Instructions for the task:
Return every line below as is, leaving out the pictures.

Raw data:
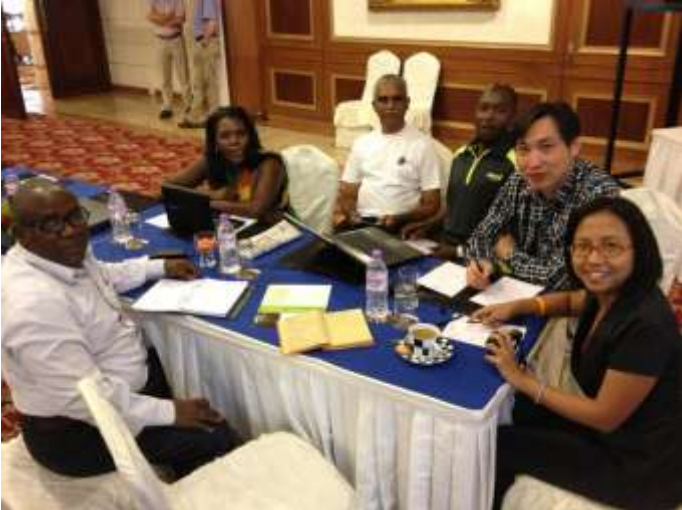
Regional Phase for EE2012 in New Delhi, India.
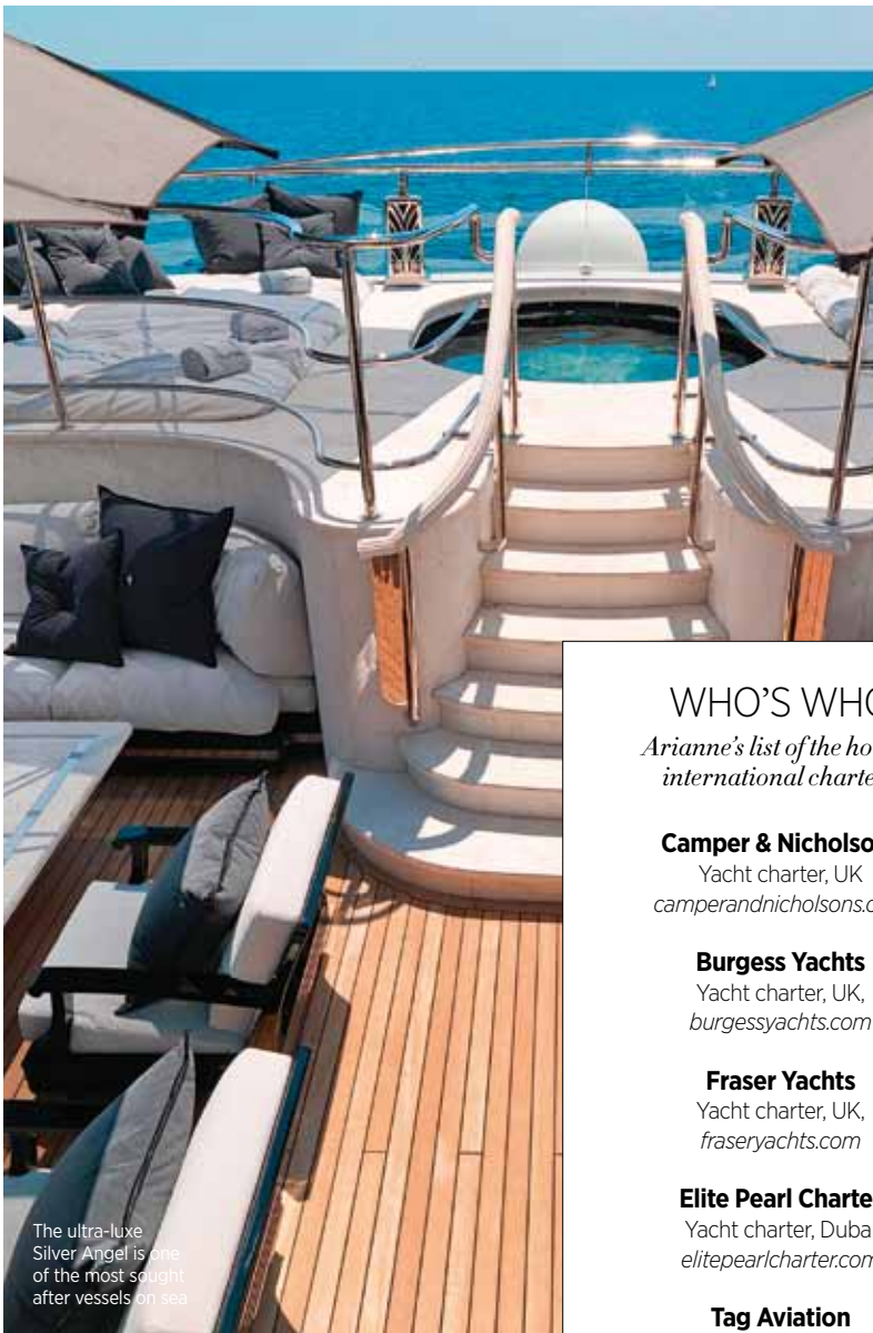
The ultra-luxe Silver Angel is one of the most sought after vessels on sea

extremely challenging. Responding to it creatively is even more onerous. It is potentially somewhere an affluent traveller will spend a vast amount of time so an earthy, calming palette is preferable, whilst some owners may enjoy a little excitement with a splash of accent shades.

Written response:
Regional Phase for EE2012 in New Delhi, India.
The ultra-luxe Silver Angel is one of the most sought after vessels on sea

extremely challenging. Responding to it creatively is even more onerous. It is potentially somewhere an affluent traveller will spend a vast amount of time so an earthy, calming palette is preferable, whilst some owners may enjoy a little excitement with a splash of accent shades.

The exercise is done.